Während manche Leistungserbringer schon weitgehend «digitalisiert» arbeiten, halten andere sich immer noch zurück. Wie wollen Sie Skeptiker überzeugen?Anhand der rund 8 500 angemeldeten Fachpersonen (davon zwei Drittel Ärzte, ein Drittel Apotheker) sehen wir, dass eine breite Schicht den Entscheid, mitzumachen, gefällt hat. Der elektronische Impfausweis ist für Leistungserbringer eine gute Möglichkeit, Erfahrungen mit digitalen Lösungen zu machen. Das zeigt sich darin, dass auch viele der sogenannten «Analog»-Ärzte im Bereich Impfen bereits «digital» unterwegs sind. Aber: Vom Entscheid bis zum täglichen Einsatz ist es für viele ein neuer Weg. Es sind die nötigen Abläufe und Prozesse in der Praxis einzuplanen.

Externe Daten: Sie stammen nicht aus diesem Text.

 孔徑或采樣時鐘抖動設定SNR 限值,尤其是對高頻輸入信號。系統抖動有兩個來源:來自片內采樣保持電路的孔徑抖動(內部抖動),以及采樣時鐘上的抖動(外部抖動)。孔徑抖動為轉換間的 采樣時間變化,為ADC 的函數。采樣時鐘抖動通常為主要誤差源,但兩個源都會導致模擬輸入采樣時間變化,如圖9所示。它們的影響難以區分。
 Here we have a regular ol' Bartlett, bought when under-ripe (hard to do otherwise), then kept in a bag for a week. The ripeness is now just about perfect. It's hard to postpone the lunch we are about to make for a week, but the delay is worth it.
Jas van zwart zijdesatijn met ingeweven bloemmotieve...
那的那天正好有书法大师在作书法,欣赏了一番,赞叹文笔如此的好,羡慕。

Seit einigen Jahren macht das BAG jeweils während der Europäischen Impfwoche auf das Angebot von meineimpfungen aufmerksam. Spüren Sie einen Effekt auf die Nutzung des Angebots von meineimpfungen?Kampagnen wie die Europäische Impfwoche verhelfen meineimpfungen.ch dazu, in kurzer Zeit schnell zu wachsen. Zahlenmässig registrieren wir jeweils Faktor 3 bis 4 gegenüber dem normalen Wochendurchschnitt, und der Effekt hält über mehrere Wochen an. Dies zeigt aber auch, dass bei vielen Bürgern bereits ein Grundinteresse am elektronischen Impfausweis vorhanden ist, das mit einer einwöchigen Kampagne aktiviert werden kann!

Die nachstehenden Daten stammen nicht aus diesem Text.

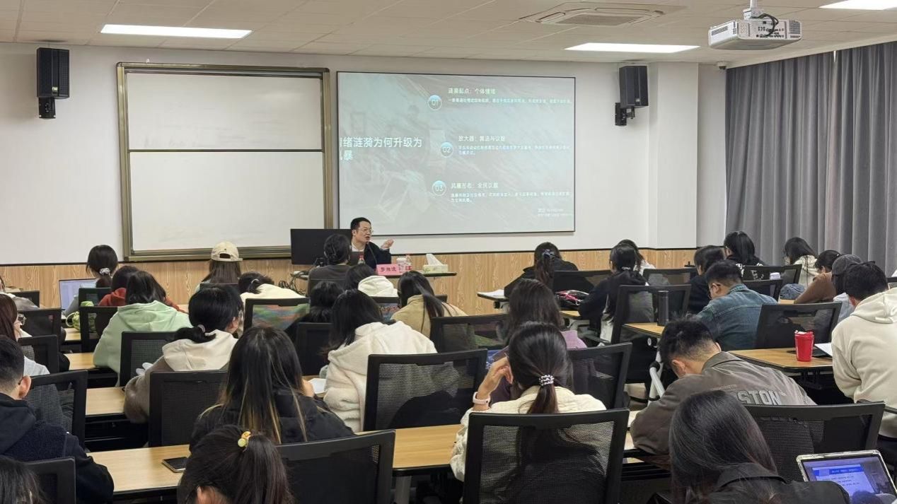 为进一步提升青年学生党员网络素养,学习“党员网络行为规定”,增强网络纪律意识,11月5日,百家乐策略 党委分党校开展主题为“从‘情绪涟漪’到‘网络风暴’认识舆情的‘冰山效应’”的专题讲座,主讲人为宁波教育网络舆情治理研究中心副主任罗湘波老师,预备党员培训班全体学员参加。

Stichwort Europäische Impfwoche: Wo steht die Schweiz im Vergleich zu den Nachbarländern?Meineimpfungen wird europaweit als Leuchtturm-Projekt anerkannt. Dank des höchststehenden Clinical Decision Support System (CDSS) zur Generierung der Impfempfehlung, kombiniert mit der sicheren Datenhaltung, ist es in seinem Gebiet an vorderster Front. Ich möchte an dieser Stelle unbedingt die Arbeit von Frau Professor Claire-Anne Siegrist (Universitätsspital Genf) würdigen, die als medizinische Kapazität federführend dieses Projekt seit Beginn führt.

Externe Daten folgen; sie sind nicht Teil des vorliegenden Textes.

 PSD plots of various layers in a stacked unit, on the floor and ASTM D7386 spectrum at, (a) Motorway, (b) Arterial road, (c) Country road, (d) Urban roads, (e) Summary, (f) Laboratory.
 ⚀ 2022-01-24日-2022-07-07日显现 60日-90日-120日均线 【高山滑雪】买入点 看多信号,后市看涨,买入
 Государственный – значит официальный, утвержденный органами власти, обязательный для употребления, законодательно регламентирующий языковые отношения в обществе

Meineimpfungen setzt auf die freiwillige Teilnahme von Patienten und Fachpersonen. Wäre es nicht sinnvoll, wenn die Schweiz den elektronischen Impfausweis für obligatorisch erklären würde?Das finde ich nicht. Wer bei meineimpfungen mitmacht, tut dies, weil er oder sie vom Nutzen überzeugt ist. Die Freiwilligkeit wird von den Benutzern positiv gewertet und basiert auf einer generellen Zustimmung zur Idee und Vision der Plattform. Ebenso unter Freiwilligkeit fällt die Gegebenheit, dass die eingegangenen Verpflichtungen für eine Fachperson klar absehbar sind. Ich bin überzeugt, dass E-Health-Projekte, die auf einen klaren und messbaren Nutzen fokussieren, auch ihre Nutzer finden werden. Eben weil sie sich als nützlich erweisen.